A format for textbook page layouts is to be chosen so that each printed page has a 4-cm margin at the top and at the bottom and a 2-cm margin on the left and right sides. The rectangular region of printed matter is to have an area of 800 sq. cm. Find the dimensions for the page that has a minimum area.

let the width of the printed section by x
let its height be y
then xy=800
y=800/x

let A be the area of the whole page
A=(x+4)(y+8)
=(x+4)(800/x + 8)

expand, differentiate, set that equal to zero and solve

I got x=20

for y i got 72
thanx, im not good at setting up equations

Good job in setting up the equations! Let's go through the solution step by step to find the dimensions of the page that has the minimum area.

1. Define the dimensions: Let the width of the printed section be x and the height be y.

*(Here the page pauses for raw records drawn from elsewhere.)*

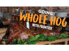 Invite your friends over for a Frontier full pig party served with mac & cheese, salad, rolls and veggies. In addition, enjoy a Whistlepig basket including wearables and a bottle of Piggyback and Boss Hog
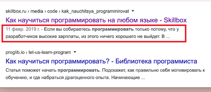 В поисковой выдаче описание отображается под заголовком. Именно благодаря ему читатель понимает, нужно ли ему читать данную статью:
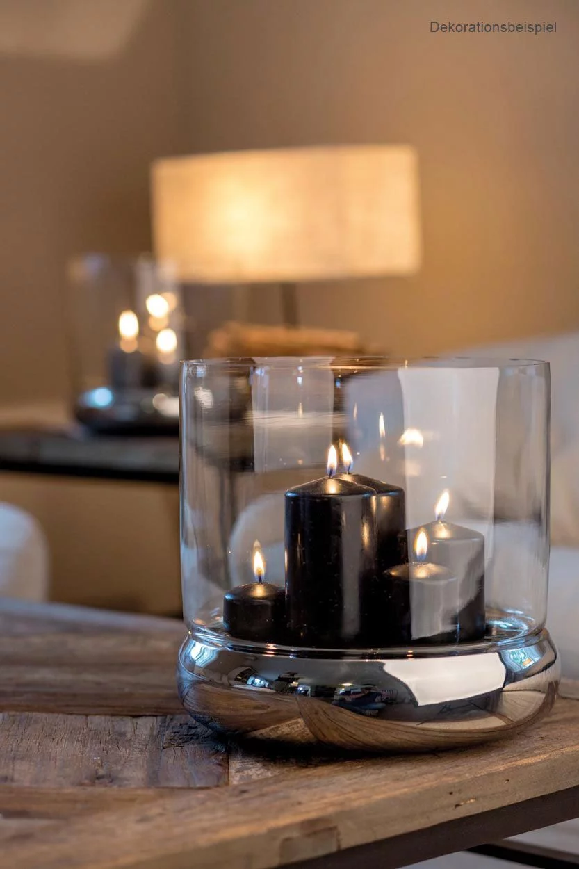Елегантний скляний підсвічник-ліхтар на масивній основі з полірованої нержавіючої сталі — стильний акцент для будь-якого інтер’єру. Висока циліндрична колба надійно захищає полум’я, створюючи м’яке затишне сяйво як у приміщенні, так і на терасі.
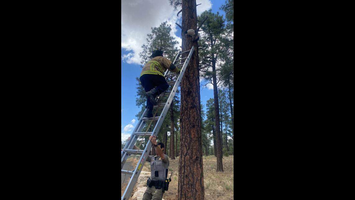 “A huge shoutout to our firefighters and first responders who sprang into action today to rescue a furry adventurer from the heights of a tree at Grand Canyon,” the post read.
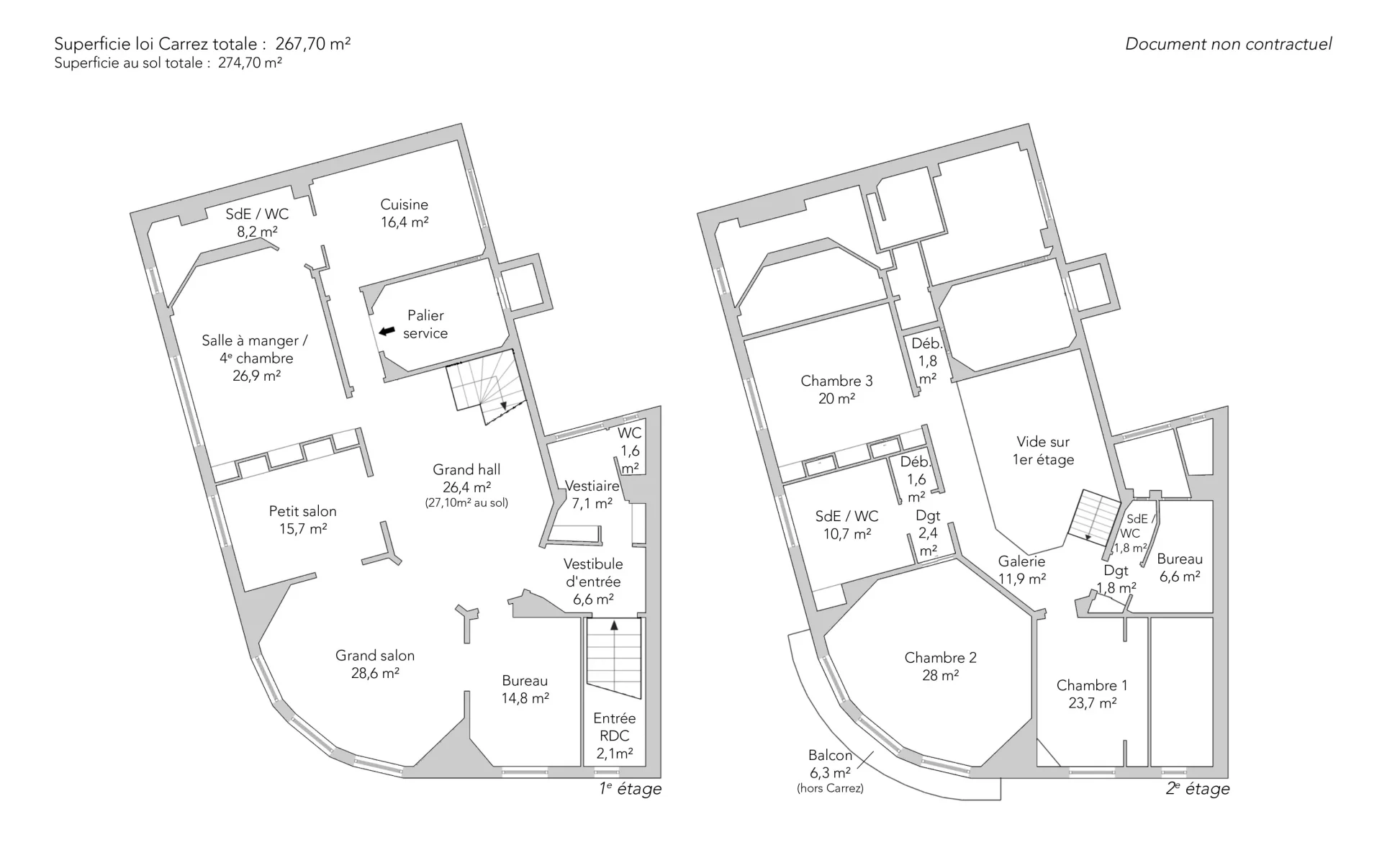 Appartement familial et de réception de 267,70m² loi Carrez et 274,70m² au sol répartis sur deux niveaux avec une entrée indépendante.
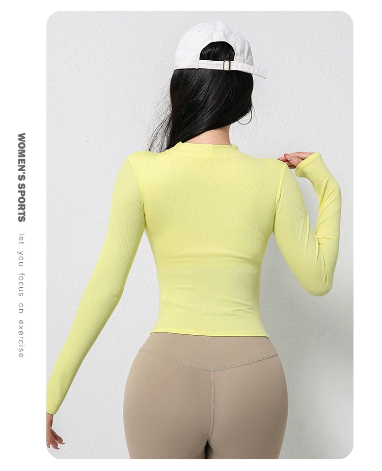 Áo tập yoga mới 2026 dành cho nữ, áo thun tập thể dục Pilates dài tay ôm sát mùa thu có đệm ngực.
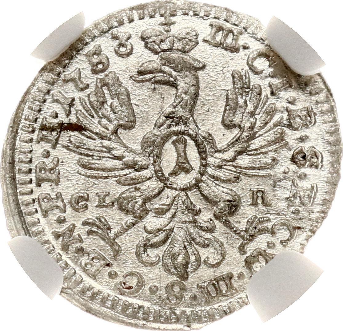 Germany, Brandenburg-Bayreuth. Friedrich III (1735-1763). 1 Kreuzer 1753 CLR. Silver. KM 192. NGC MS 66. TOP POP.
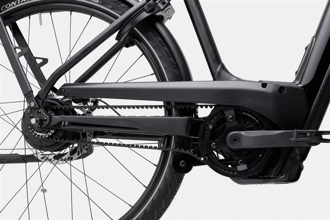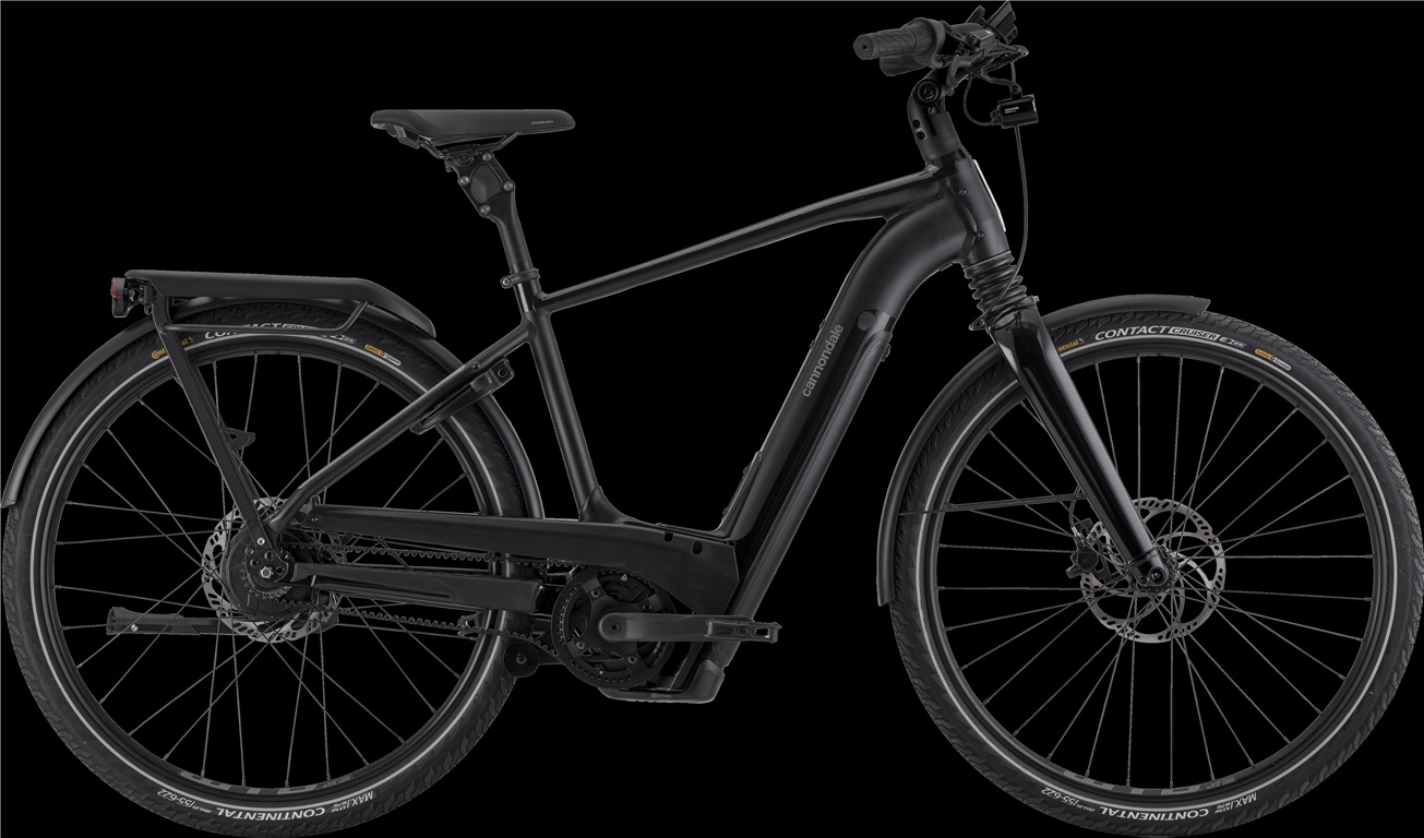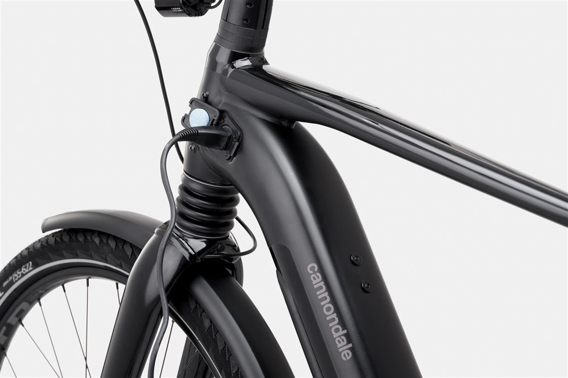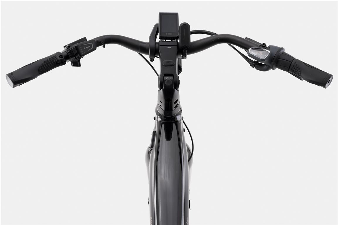 De Amerikanen hebben een lekker oversized aluminium frame geproduceerd, leverbaar in vier maten, twee kleuren en met lage instap en met een klassieke bovenbuis. Vooraan vinden we een verende voorvork. En die mag wel even extra genoemd worden, want het is de gloednieuwe HeadShok. Een in de balhoofdbuis geïntegreerde verende voorvork. Met een nieuw Quad Cage naaldlagersysteem wat ondermeer garant staat voor ècht soepele vering van 50 mm. Dit gecombineerd met de oversized vorkpoten, brede naafafstand en taps toelopende stuurbuis zorgt ervoor dat je zowel extra comfort hebt als een scherp sturende e-bike. Extra fijn als je op volle snelheid door de urban jungle cruist. De nieuwe Mavaro Neo 1 wordt aangedreven door het nieuwe ‘Smart System’ van Bosch. Dat bestaat uit een extra grote 750Wh accu, Performance Line CX motor, LED afstandsbediening en Kiox 300-display. Met een bereik van maximaal 175 km op een enkele lading -zo kun je nog eens een stuk wegtrappen. Bij de afmontage heeft Cannondale gekozen voor een zeer hoogwaardig pakket: comfortabele verende zadelpen, krachtige Magura CT 2- hydraulische schijfremmen, een Gates CDX riem in combinatie met een Enviolo Trekking naaf. Naar gelang de maat heeft de Mavaro Schwalbe Big Ben Plus (LG/XL) of Continental Contact Plus City (SM/LG) rubber. Verder nog zaken als een verstelbare stuurpen met telefoon aansluiting, Tubus rek, Curana spatborden en een Abus slot. Dikke Urban e-bike!

We know that the area of the printed section is given by xy and it equals 800 square cm.

2. Express y in terms of x: We have xy = 800, so we can rewrite this equation as y = 800/x.

3. Determine the area of the whole page: The area of the whole page is given by A = (x + 4)(y + 8).

4. Expand the expression for A: Expanding (x + 4)(800/x + 8), we get A = 800 + 8x + 3200/x + 32.

5. Find the derivative of A with respect to x: Differentiate A with respect to x: dA/dx = 8 - 3200/x².

6. Set dA/dx equal to zero and solve for x: To find the minimum area, we set dA/dx = 0. Solving 8 - 3200/x² = 0, we get x = 20.

7. Plug in x to find y: Now that we have x = 20, we can substitute it back into the equation y = 800/x to find y. So, y = 800/20 = 40.

Therefore, the dimensions of the page that has the minimum area are x = 20 cm (width) and y = 40 cm (height).

Great job on setting up the equations and solving for x! Keep practicing, and you'll get better at setting up and solving equations.